━━━━━ Entries supplied

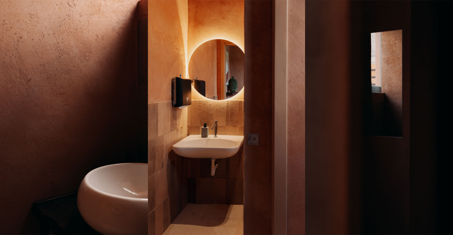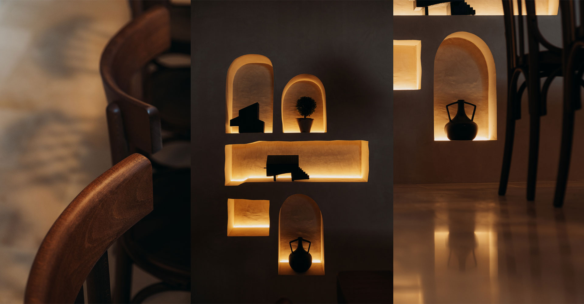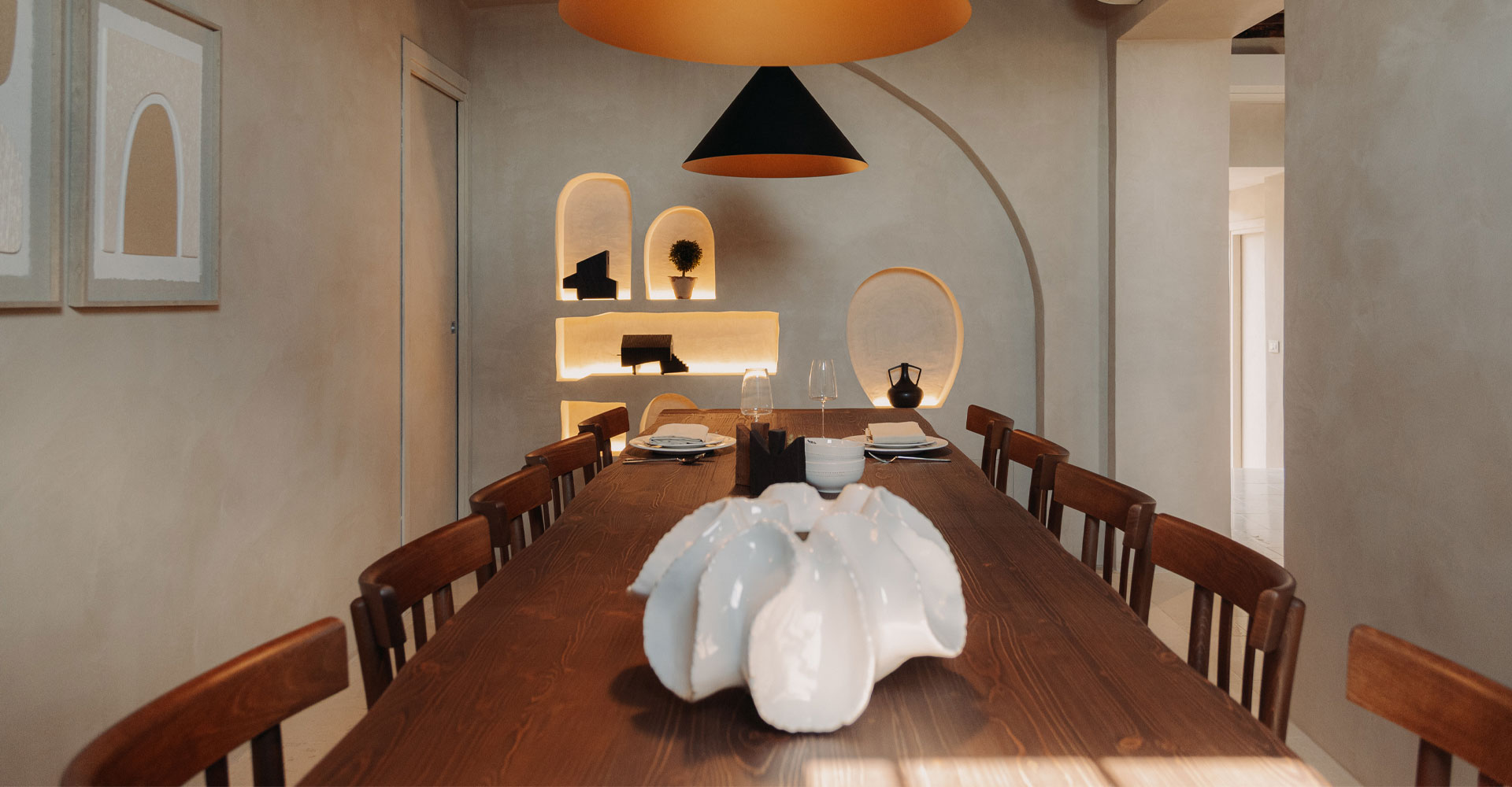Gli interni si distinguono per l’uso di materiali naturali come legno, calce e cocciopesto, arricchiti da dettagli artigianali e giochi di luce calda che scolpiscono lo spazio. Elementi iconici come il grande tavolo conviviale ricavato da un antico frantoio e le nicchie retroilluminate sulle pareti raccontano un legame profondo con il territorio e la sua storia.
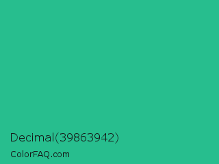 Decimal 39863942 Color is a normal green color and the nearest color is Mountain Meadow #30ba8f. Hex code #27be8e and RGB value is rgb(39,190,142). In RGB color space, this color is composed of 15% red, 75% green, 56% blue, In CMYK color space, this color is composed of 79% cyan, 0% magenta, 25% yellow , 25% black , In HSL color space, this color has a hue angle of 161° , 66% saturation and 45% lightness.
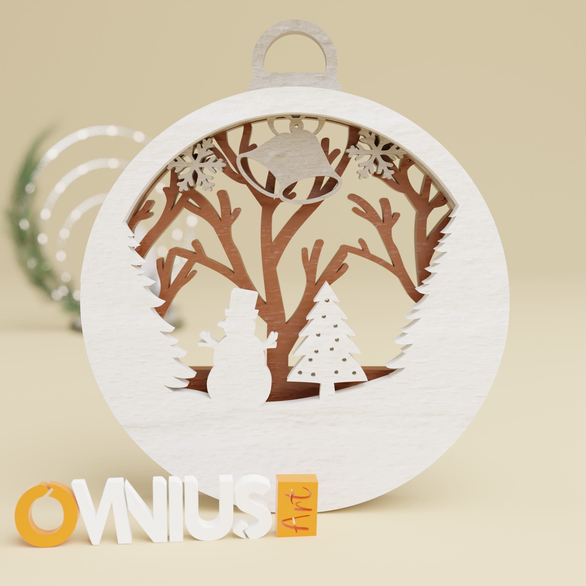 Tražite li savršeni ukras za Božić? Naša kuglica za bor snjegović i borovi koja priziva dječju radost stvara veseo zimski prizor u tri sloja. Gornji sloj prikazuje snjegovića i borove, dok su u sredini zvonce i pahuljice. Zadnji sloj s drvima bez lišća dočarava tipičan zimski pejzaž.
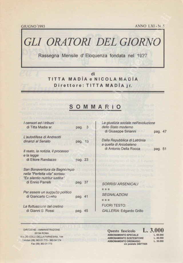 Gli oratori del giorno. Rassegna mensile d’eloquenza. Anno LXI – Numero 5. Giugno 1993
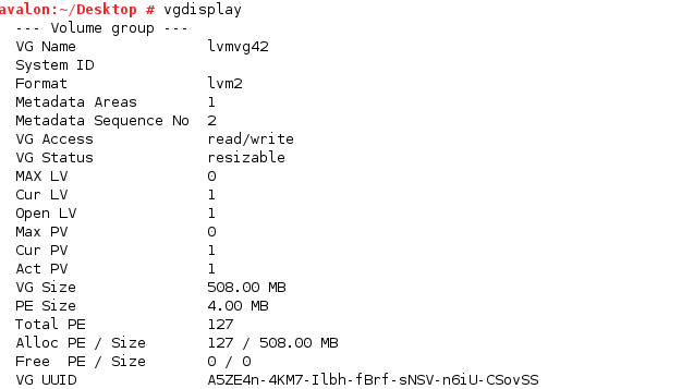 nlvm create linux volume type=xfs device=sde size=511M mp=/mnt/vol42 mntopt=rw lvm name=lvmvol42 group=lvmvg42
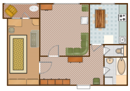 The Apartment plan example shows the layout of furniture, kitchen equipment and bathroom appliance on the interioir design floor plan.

━━━━━━━━━━

Please transcribe all of the entries word for word, with the pictures left out.

▶ [Solution below]
Gli interni si distinguono per l’uso di materiali naturali come legno, calce e cocciopesto, arricchiti da dettagli artigianali e giochi di luce calda che scolpiscono lo spazio. Elementi iconici come il grande tavolo conviviale ricavato da un antico frantoio e le nicchie retroilluminate sulle pareti raccontano un legame profondo con il territorio e la sua storia.
 Decimal 39863942 Color is a normal green color and the nearest color is Mountain Meadow #30ba8f. Hex code #27be8e and RGB value is rgb(39,190,142). In RGB color space, this color is composed of 15% red, 75% green, 56% blue, In CMYK color space, this color is composed of 79% cyan, 0% magenta, 25% yellow , 25% black , In HSL color space, this color has a hue angle of 161° , 66% saturation and 45% lightness.
 Tražite li savršeni ukras za Božić? Naša kuglica za bor snjegović i borovi koja priziva dječju radost stvara veseo zimski prizor u tri sloja. Gornji sloj prikazuje snjegovića i borove, dok su u sredini zvonce i pahuljice. Zadnji sloj s drvima bez lišća dočarava tipičan zimski pejzaž.
 Gli oratori del giorno. Rassegna mensile d’eloquenza. Anno LXI – Numero 5. Giugno 1993
 nlvm create linux volume type=xfs device=sde size=511M mp=/mnt/vol42 mntopt=rw lvm name=lvmvol42 group=lvmvg42
 The Apartment plan example shows the layout of furniture, kitchen equipment and bathroom appliance on the interioir design floor plan.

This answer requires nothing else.